Public health officials are largely influenced by commercial interests such as the dairy industry that spends millions of dollars to over-promote calcium-rich dairy products (that, by the way, so many millions of Americans, among them African Americans, Italians and Asians, cannot tolerate due to lactose intolerance).
When it comes to age-related bone loss, it is the blind leading the blind. Dietary supplement companies misread recommendations concerning calcium intake levels, and massively overdose American women on calcium. A typical milk-drinking female might consume as much as 3000 milligram a day of calcium from her diet plus supplements. She is overdosing.
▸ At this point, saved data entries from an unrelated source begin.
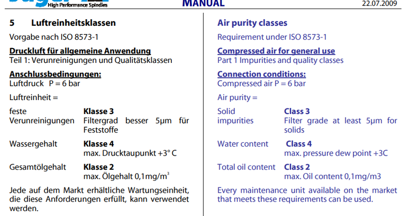 上面常見的車機主軸對於壓縮空氣品質有什麼要求呢?我們來看看該精密主軸經過長期驗證後提出來的壓縮空氣品質規格要求 (如下;資料來源同上)。
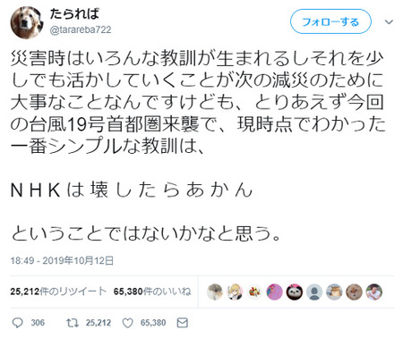 ・とりあえず今回の台風19号首都圏来襲で、現時点でわかった一番シンプルな教訓は、N H K は 壊 し た ら あ か ん
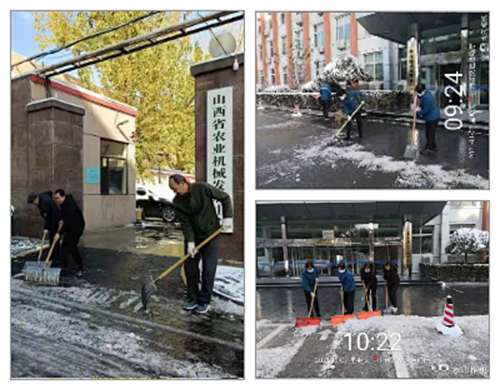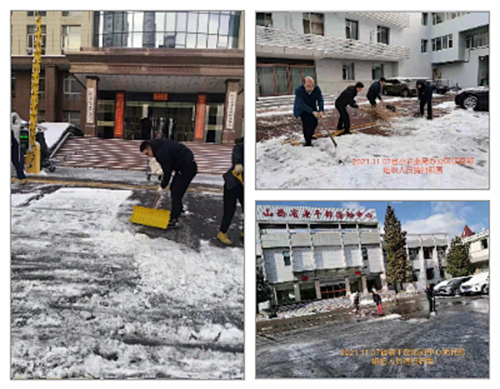 11月6日,龍城太原迎來了入冬以來的第一場(chǎng)降雪,忽如其來的降溫降雪使得道路出現(xiàn)積雪結(jié)冰情況,給人們出行造成一定的安全隱患。7日清晨,按照管理局毛益民局長的指示,晉勤集團(tuán)緊急安排部署各單位清理所轄辦公區(qū)和宿舍區(qū)的積雪和結(jié)冰。各單位積極反應(yīng),為保障干部職工正常出行,立即組織人員清理辦公區(qū)、戶外活動(dòng)場(chǎng)所和路面通道的積雪和結(jié)冰。集團(tuán)領(lǐng)導(dǎo)分別到各辦公區(qū)看望慰問大家,對(duì)大家冒著嚴(yán)寒清雪除冰表示感謝!
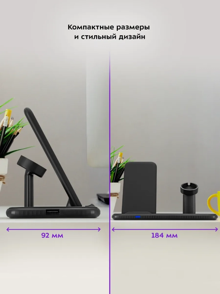 Благодаря стильному дизайну и компактному размеру зарядная станция легко впишется в ваш интерьер.
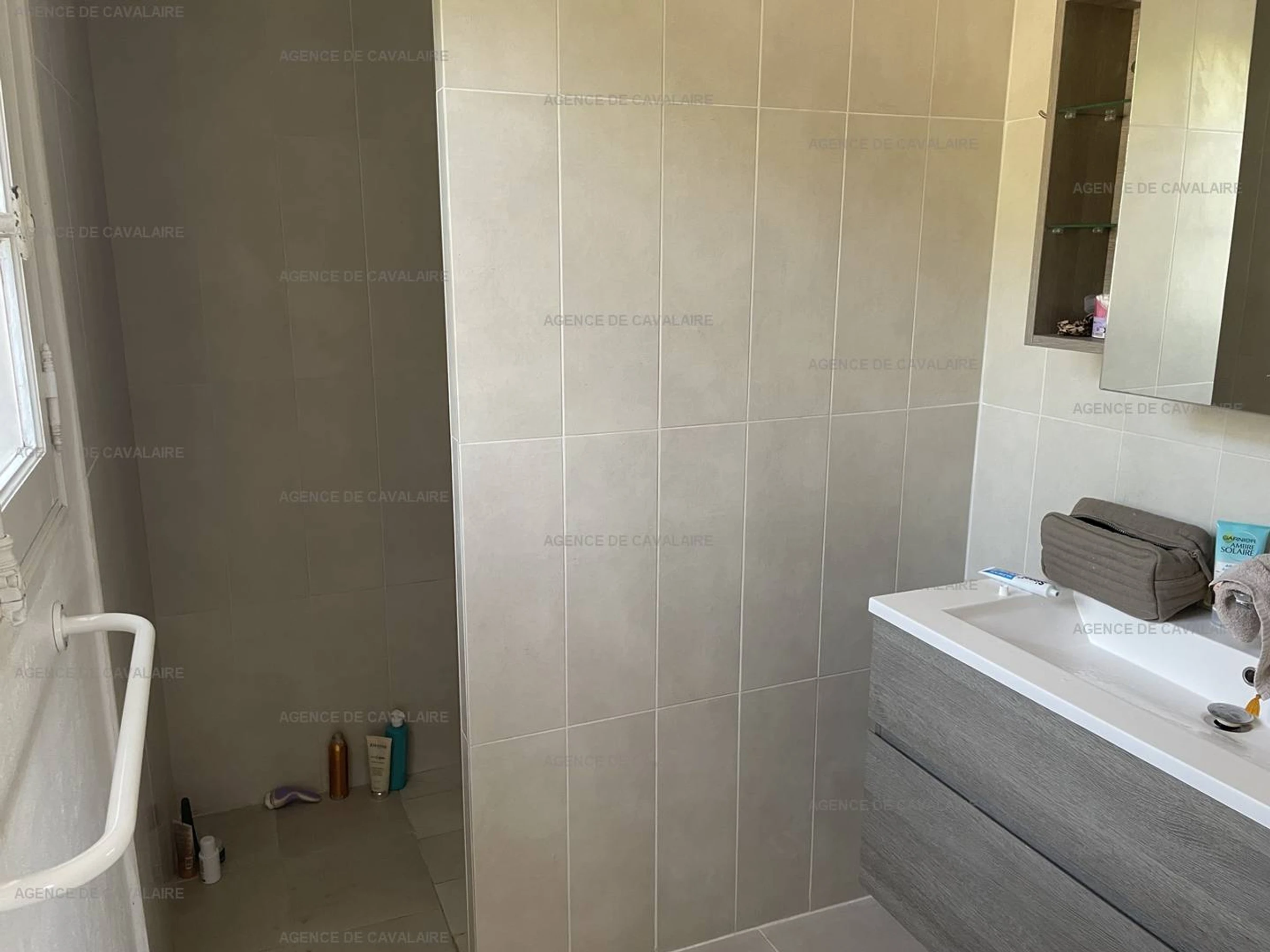 Au second niveau, 3 chambres climatisées (1x2 lits 90) donnant sur un balcon avec vue mer, dont 2 avec salle d'eau, un WC indépendant avec vasque.
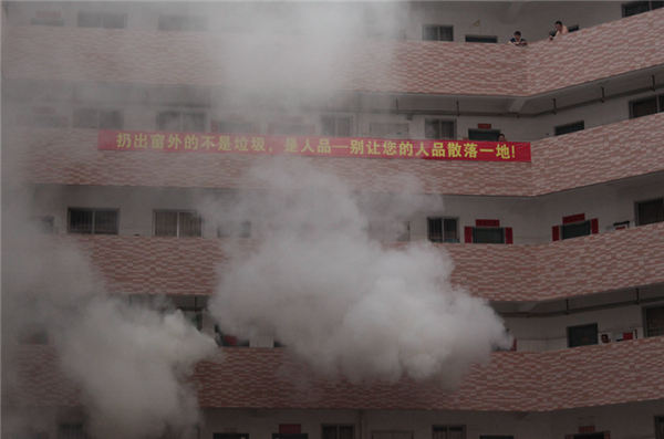 14點30分,環(huán)衛(wèi)公寓一號樓突然濃煙滾滾、煙霧彌漫,此時,拉響了消防疏散的警報聲。緊接著,在綠清消防逃生組的帶領(lǐng)下,居民們貓著腰有序地前行,穿過走廊,通過樓梯,迅速跑向操場。
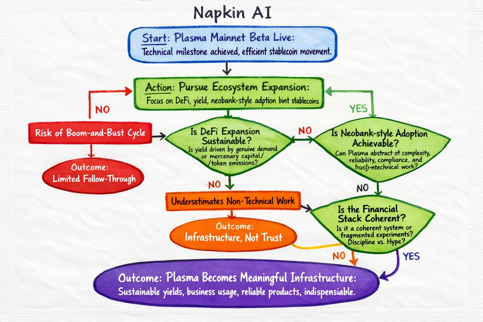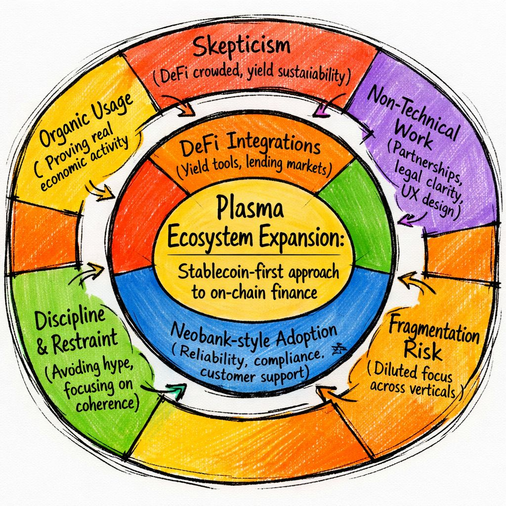 In the crypto space, the idea of ecosystem expansion gets thrown around a lot, but it's rarely examined closely. Almost every project says they're moving beyond just the basics to include things like decentralized finance (DeFi), ways to earn yield, and real-world applications. Plasma is now at this stage, talking more and more about DeFi tie-ins, tools for earning yield, and even adoption similar to online banks using stablecoins. It's an ambitious idea, but is it possible?
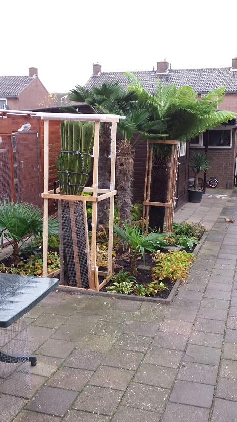 bij de cycas gekozen voor gaas om de stam (met een panlat ertussen voor de afstand) om de warmte kabel makkelijk op te kunnen bevestigen. blad opgebonden en geraamte van panlatten omheen gezet met een golfplaatje bovenop. warmtekabel er omheen gedraaid met ongeveer 10 cm afstand tussen de lussen en dicht geniet met bubbeltjes folie. aan 1 kant een strook van zeg 20 cm aan de bovenkant open gelaten voor de frisse lucht, betreft straks enkel thermostaat plaatsen en hokje dichten.
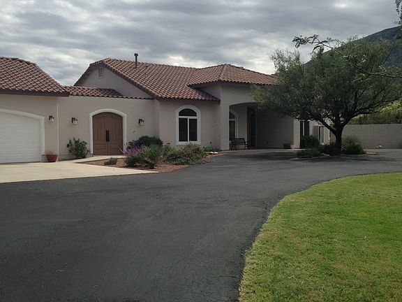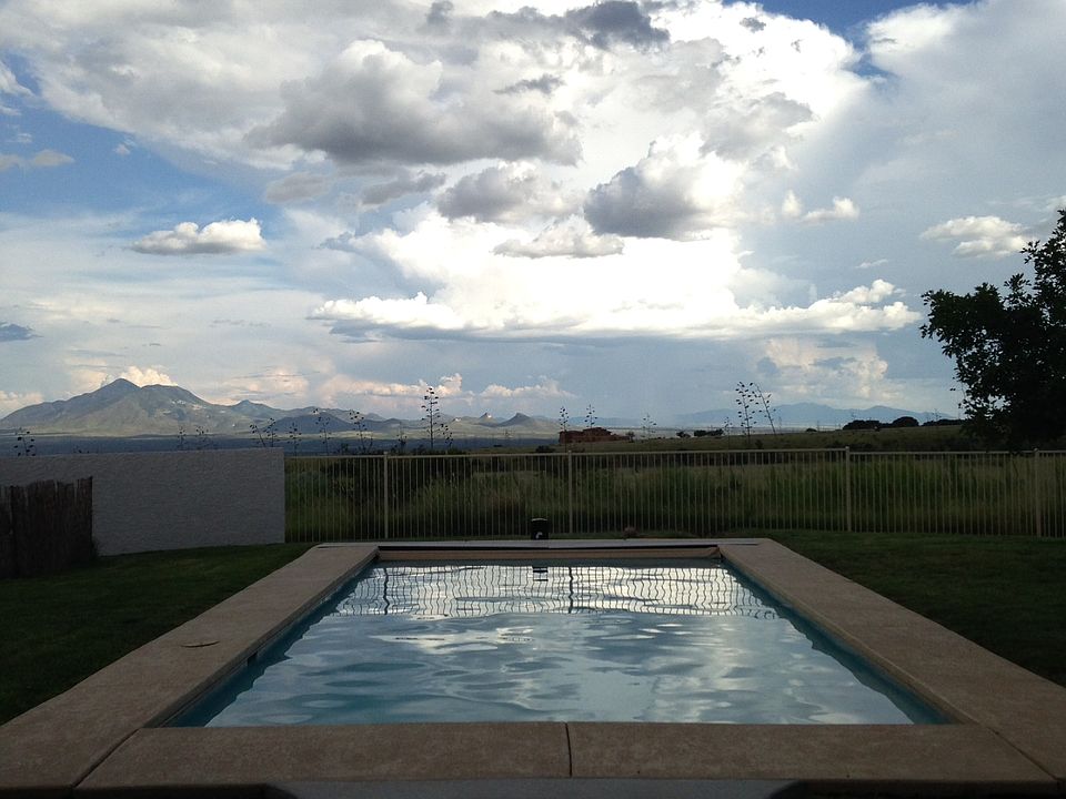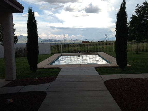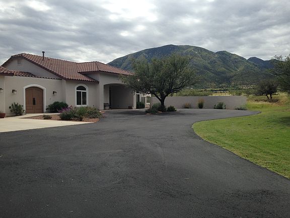 Custom home in Wild Horse, Cochise Counties premier gated community nestled in the foothills of the Huachuca Mountains. This three bedroom home boasts 360 degrees of stunning mountain views, a 1,235 sq. ft. garage/shop and a huge gourmet kitchen with every amenity. Located on over 4 -1/2 acres that borders Coronado National Forest to the south. Solar energy efficient home with additional solar heating for pool and amazing Harmen wood pellet fireplace.
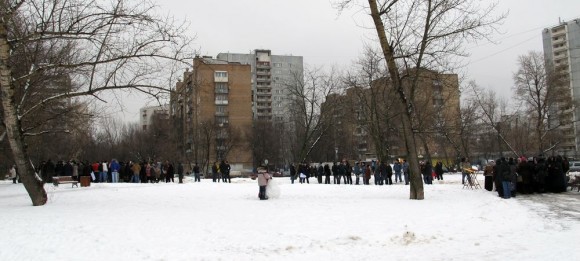 Митинг против строительства храма по «Программе-200» инициативная группа (коммунисты, защитники зеленых насаждений и просто противники строительства церквей) назначила на воскресный полдень. В это время по воскресеньям православные еще обычно не освободились после литургии — а в три часа дня в сквере на месте, выделенном под храм, община собирается на небольшие молебны. Между Новомосковской и Аргуновской улицами с февраля 2011 года выделен участок под строительство первого в Москве большого храма во имя равноапостольной княгини Ольги. Митинги, строго говоря, уже не могут привести к отмене этого решения: постановления, утвержденные на публичных слушаниях и голосованиях муниципальных депутатов, оспариваются не на улицах, а через суд.
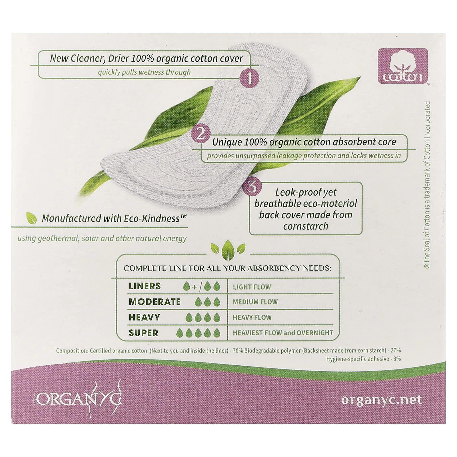 Состав: Сертифицированный органический хлопок (рядом с подкладкой и внутри нее) — 70% биоразлагаемого полимера (нижний слой изготовлен из кукурузного крахмала) — 27% Гигиенический клей — 3%.
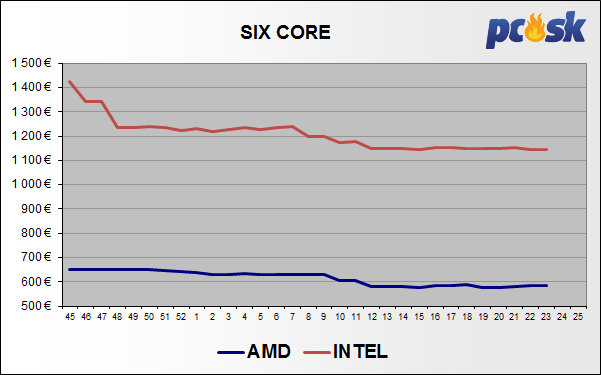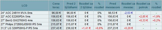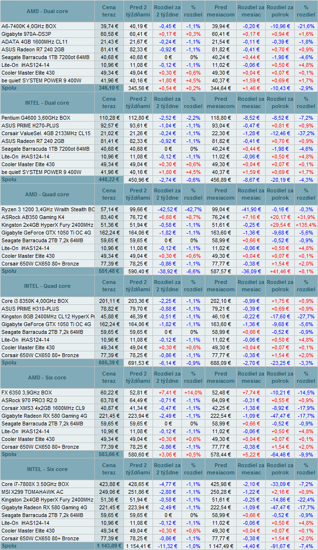 Ceny zostáv kolísali od +0,5% až do -6,6%. Zmena nastala u 4-jadrovej zostavy AMD, kde FX 6350 3,9GHz BOX nahradil vypadnutý FX 6300 3,5GHz BOX.
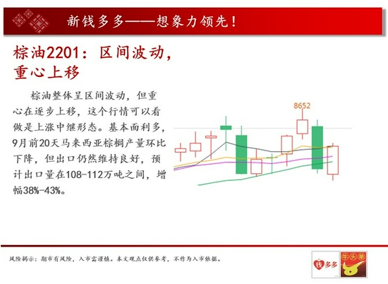 基本面概述:基本面利多,9月前20天马来西亚棕榈产量环比下降,但出口仍然维持良好,预计出口量在108-112万吨之间,增幅38%-43%。
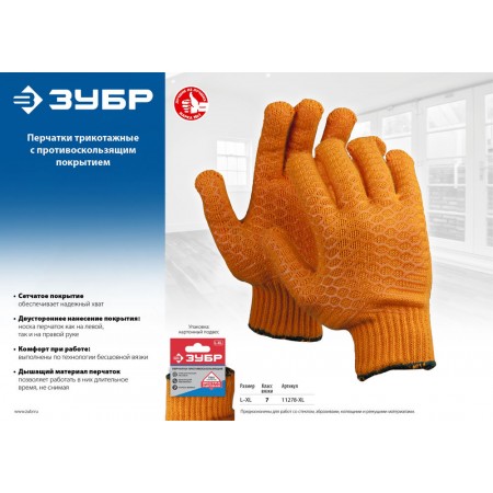 Перчатки трикотажные HARD L-XL, противоскользящее двустороннее перекрестное покрытие ЗУБР 11278-XL
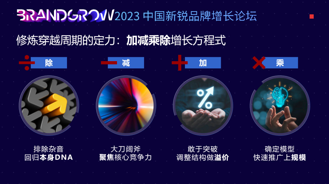 贝恩咨询全球专家合伙人、混沌教练鲁秀琼围绕主题“穿越周期的定力”发表演讲,分享了许多前沿洞察。基于多年在全球快消品行业及营销领域的丰富经验,结合今年针对新锐品牌发展的观察,她将新锐品牌修炼穿越周期的定力的过程形象地总结为“打造加减乘除的增长方程式”。

Osteoporosis is an estrogen deficiency, and later in life it is particularly a vitamin D shortage as an overactive parathyroid gland gets involved. The proven nutrient that reduces hip fractures, vitamin K, is overlooked in most bone-mineral formulas. In evidence of vitamin K2’s effectiveness, it has been an approved heart drug in Japan for decades.
It’s a sad day because so many Americans dutifully follow their doctor’s and dietician’s misdirected advice to take calcium pills as the change of life approaches. Such advice produces dire problems over time.
Menopausal women should be adding dietary supplements such as rice bran IP6 phytate, vitamin K2, vitamin D3, magnesium (not the popular magnesium oxide, as it is poorly absorbed) and phytoestrogens like resveratrol, into their daily supplement regimen. A good multivitamin with an array of B vitamins plus fish or flaxseed oil, along withvitamins C and E and boron provides secondary nutrients essential for bone health. Obtain calcium from your diet.